**Work request:** Although the records contain pictures, only their text should be set down, exactly as written.

**Data extracts:**
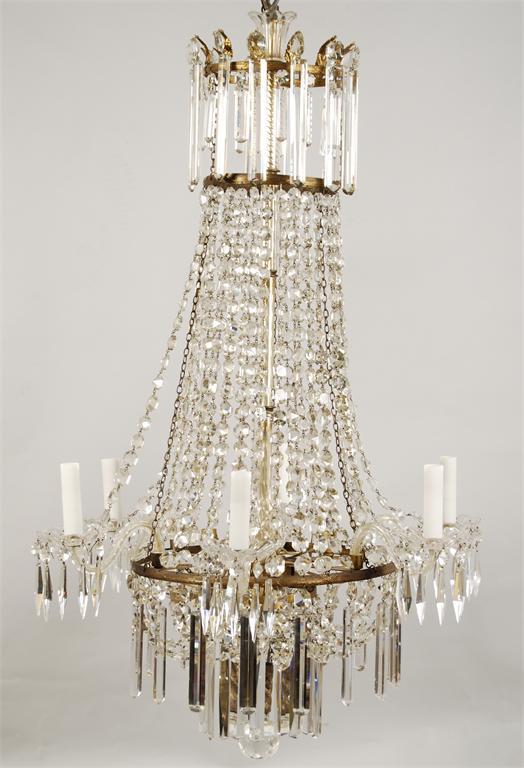 An Edwardian gilt brass and cut glass nine light electrolier, the leaf corona hung with lustres to a trumpet shaped body also with lustres to a main ring with three electric fittings and issuing six scroll branches with faux candle fittings, the base with further lustres and a ball pendant, 46in (117cm) h, 28in (71cm) w.
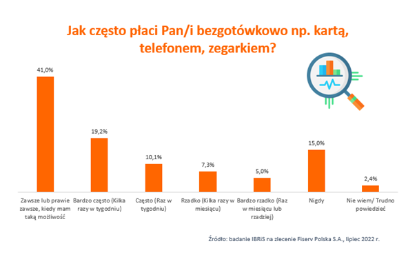 Sondażownia IBRiS na zlecenie Fiserv, właściciela marki PolCard, zapytała respondentów, jak często płacą bezgotówkowo, czyli m.in. kartą, telefonem lub zegarkiem. 41 proc. z badanych korzysta z rozliczeń bezgotówkowych "zawsze lub prawie zawsze", ponad 19 proc. – bardzo często (czyli kilka razy w tygodniu), a 10 proc. – często (raz w tygodniu). Razem to ponad 70 proc. ankietowanych, którzy przynajmniej raz w tygodniu płacą bezgotówkowo.
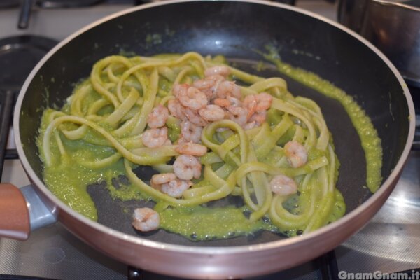 Aggiungete un po’ di acqua di cottura se necessario, spegnete e aggiungete i gamberi.
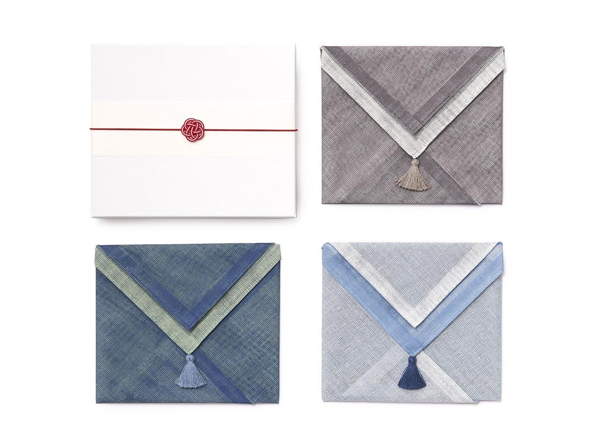 はんかちは1枚ずつ個包装した上で一つのボックスに入れ、赤色の水引バンドで止めています。
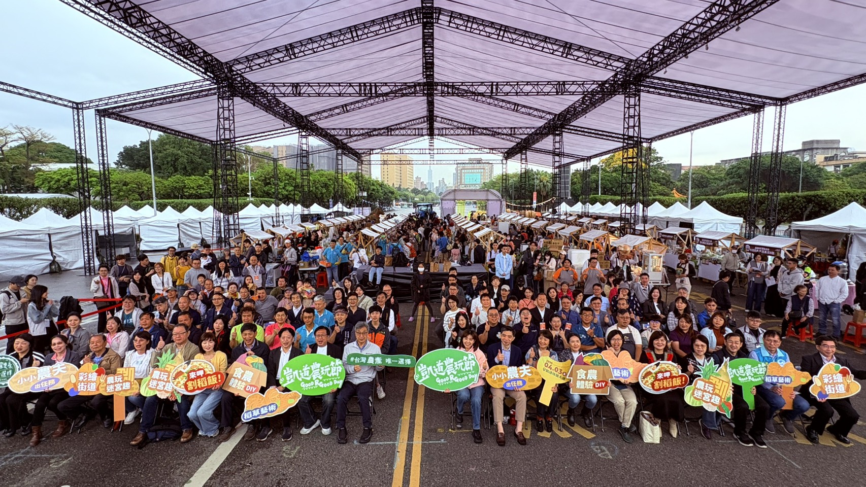 為了讓都市民眾也有機會親近農村文化,農業部3日在凱達格蘭大道及總統府前北廣場舉辦「凱道農玩節」,活動以「台灣農產唯一選擇」為核心,將東臺灣的稻草地景藝術移師凱道,現場設置由五百個蔬果籃構築而成的「蔬果迷宮」,同時集結全台54個攤位的「小農市集」,打造最具規模的農業主題樂園。 農業部部長陳駿季在開幕活動中,也帶領現場貴賓一起手作醃脆梅,希望大家在體驗過程中,感受雙手與土地產物的連結,更能理解每一口酸甜背後,都是農民辛勤耕耘與守候時節的成果。 農業部提到,這次活動也重現農村互助文化的「割稻飯」共食慶典,讓熱騰騰 的米食香氣在凱道上串聯起跨世代的情感記憶,同時透過21場深度「食農教育課程」與「驚喜三重送」集章闖關任務,鼓勵民眾以實質消費支持農民,共同實現農業與環境共榮的永續願景。
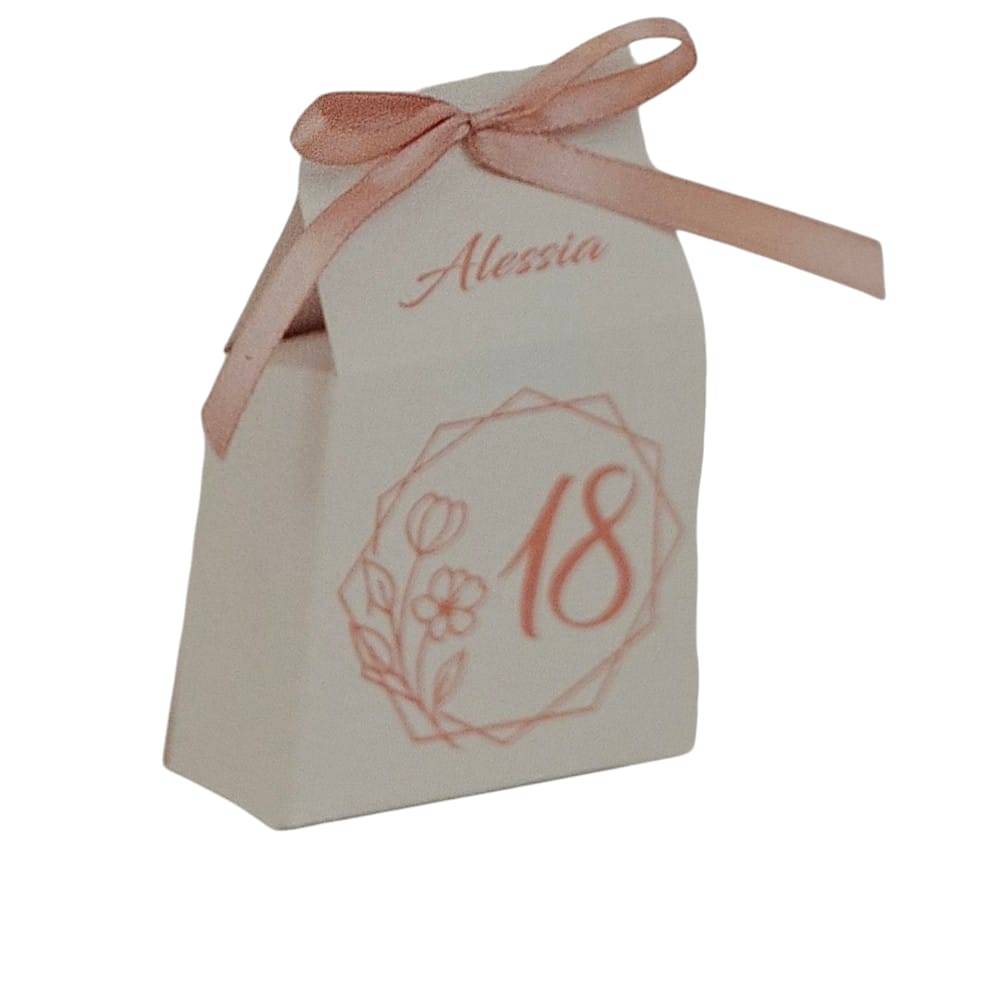 Scatolina 18 anni con il nome 6 x 10,5 x 6 p completa di confetti
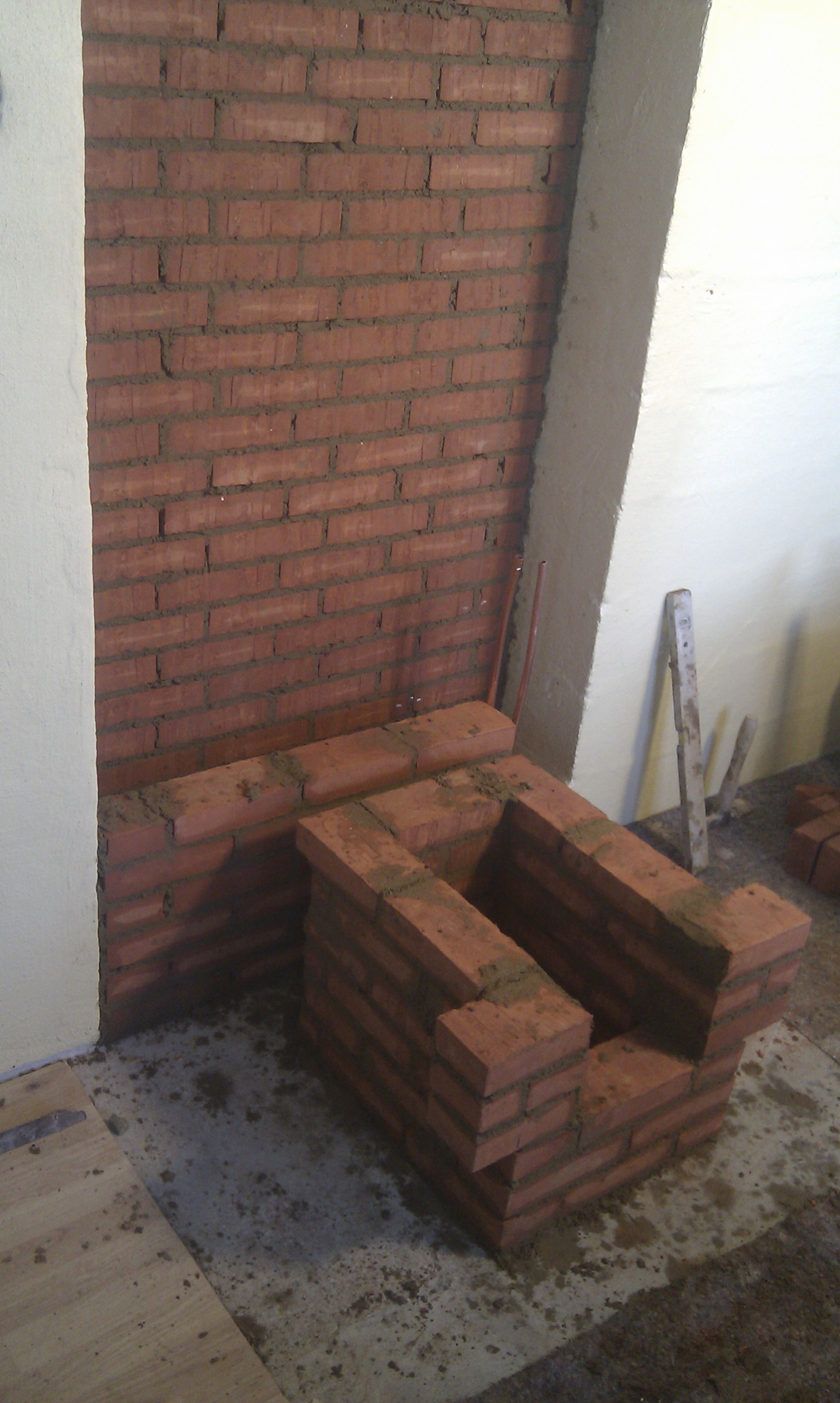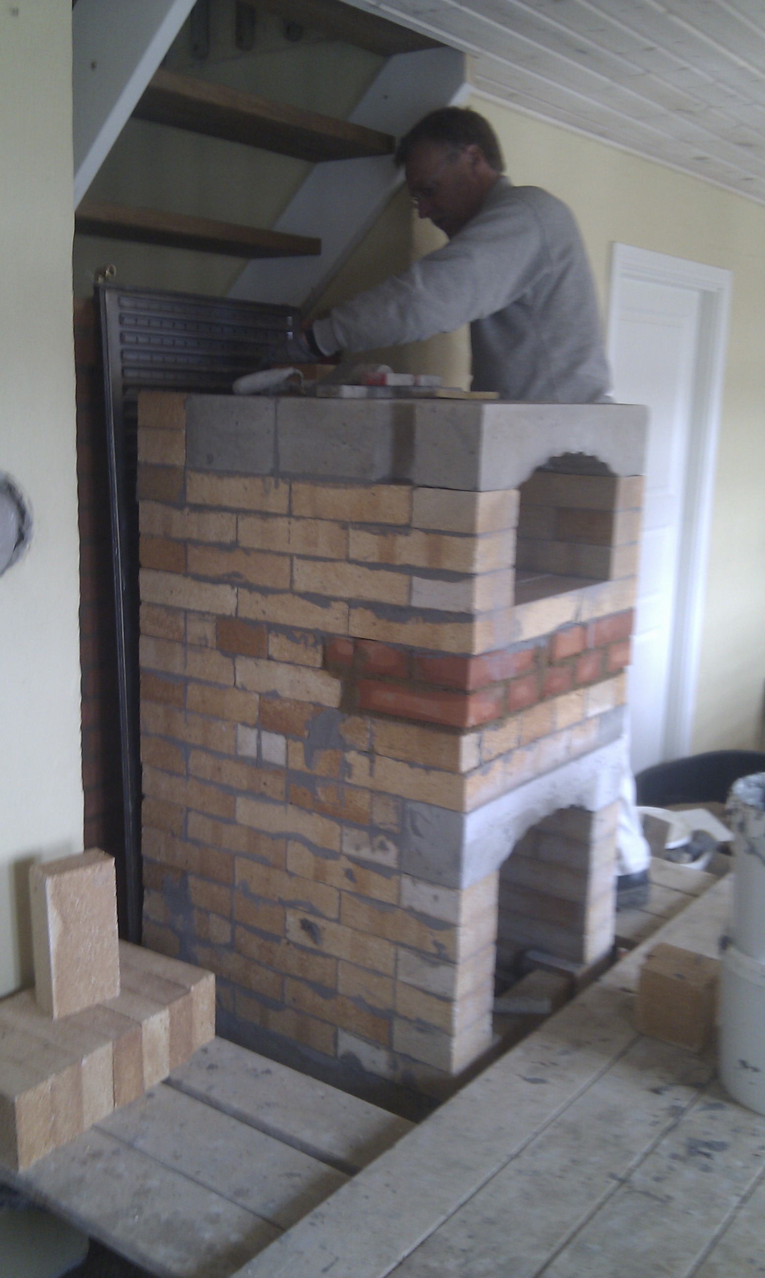 Bagvæggen mures først op, da masseovnen skal stå ind under trappen.
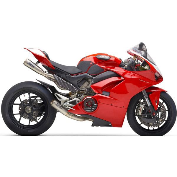 The SC-Project full system exhaust is the direct result of the research, development and design work carried out by the R&D department together with the major MotoGP and SBK World Championship Teams. SC-Project, with the aim of improving performance and aesthetics of the Your Ducati Panigale V4 has created a complete unit designed to house the original lambda probe, showcases first-class technical solutions: the use of CNC machined bushings turned from solid allow the exhaust system impeccable coupling that make fitting easier and improve system performance; the implementation of a lighter system ensures better bike rideability. The production of pipes of variable dimensions guarantees a marked increase in performance both in terms of torque and maximum power through the entire bend.
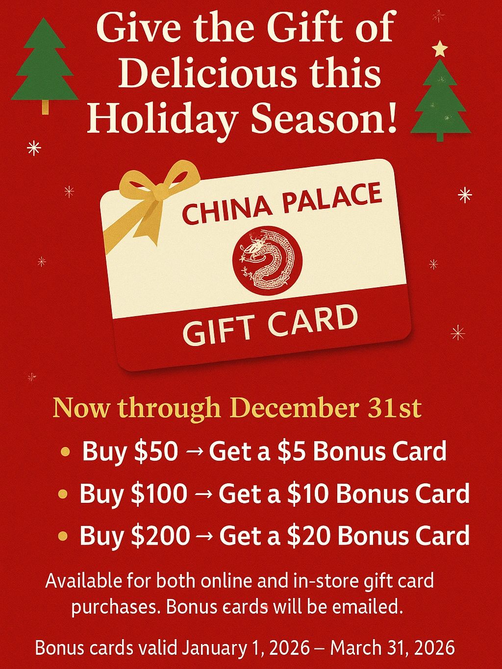 A China Palace gift card is the perfect present for food lovers! Whether it's a cozy night in, a family celebration, or a well-deserved treat, our gift cards make every occasion delicious. Easy to purchase, easy to redeem, and always appreciated!
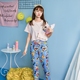 卡通春夏季纯棉睡衣女士短袖长裤宽松甜美清新家居服韩国代购

**Response for this exercise:**
 An Edwardian gilt brass and cut glass nine light electrolier, the leaf corona hung with lustres to a trumpet shaped body also with lustres to a main ring with three electric fittings and issuing six scroll branches with faux candle fittings, the base with further lustres and a ball pendant, 46in (117cm) h, 28in (71cm) w.
 Sondażownia IBRiS na zlecenie Fiserv, właściciela marki PolCard, zapytała respondentów, jak często płacą bezgotówkowo, czyli m.in. kartą, telefonem lub zegarkiem. 41 proc. z badanych korzysta z rozliczeń bezgotówkowych "zawsze lub prawie zawsze", ponad 19 proc. – bardzo często (czyli kilka razy w tygodniu), a 10 proc. – często (raz w tygodniu). Razem to ponad 70 proc. ankietowanych, którzy przynajmniej raz w tygodniu płacą bezgotówkowo.
 Aggiungete un po’ di acqua di cottura se necessario, spegnete e aggiungete i gamberi.
 はんかちは1枚ずつ個包装した上で一つのボックスに入れ、赤色の水引バンドで止めています。
 為了讓都市民眾也有機會親近農村文化,農業部3日在凱達格蘭大道及總統府前北廣場舉辦「凱道農玩節」,活動以「台灣農產唯一選擇」為核心,將東臺灣的稻草地景藝術移師凱道,現場設置由五百個蔬果籃構築而成的「蔬果迷宮」,同時集結全台54個攤位的「小農市集」,打造最具規模的農業主題樂園。 農業部部長陳駿季在開幕活動中,也帶領現場貴賓一起手作醃脆梅,希望大家在體驗過程中,感受雙手與土地產物的連結,更能理解每一口酸甜背後,都是農民辛勤耕耘與守候時節的成果。 農業部提到,這次活動也重現農村互助文化的「割稻飯」共食慶典,讓熱騰騰 的米食香氣在凱道上串聯起跨世代的情感記憶,同時透過21場深度「食農教育課程」與「驚喜三重送」集章闖關任務,鼓勵民眾以實質消費支持農民,共同實現農業與環境共榮的永續願景。
 Scatolina 18 anni con il nome 6 x 10,5 x 6 p completa di confetti
 Bagvæggen mures først op, da masseovnen skal stå ind under trappen.
 The SC-Project full system exhaust is the direct result of the research, development and design work carried out by the R&D department together with the major MotoGP and SBK World Championship Teams. SC-Project, with the aim of improving performance and aesthetics of the Your Ducati Panigale V4 has created a complete unit designed to house the original lambda probe, showcases first-class technical solutions: the use of CNC machined bushings turned from solid allow the exhaust system impeccable coupling that make fitting easier and improve system performance; the implementation of a lighter system ensures better bike rideability. The production of pipes of variable dimensions guarantees a marked increase in performance both in terms of torque and maximum power through the entire bend.
 A China Palace gift card is the perfect present for food lovers! Whether it's a cozy night in, a family celebration, or a well-deserved treat, our gift cards make every occasion delicious. Easy to purchase, easy to redeem, and always appreciated!
 卡通春夏季纯棉睡衣女士短袖长裤宽松甜美清新家居服韩国代购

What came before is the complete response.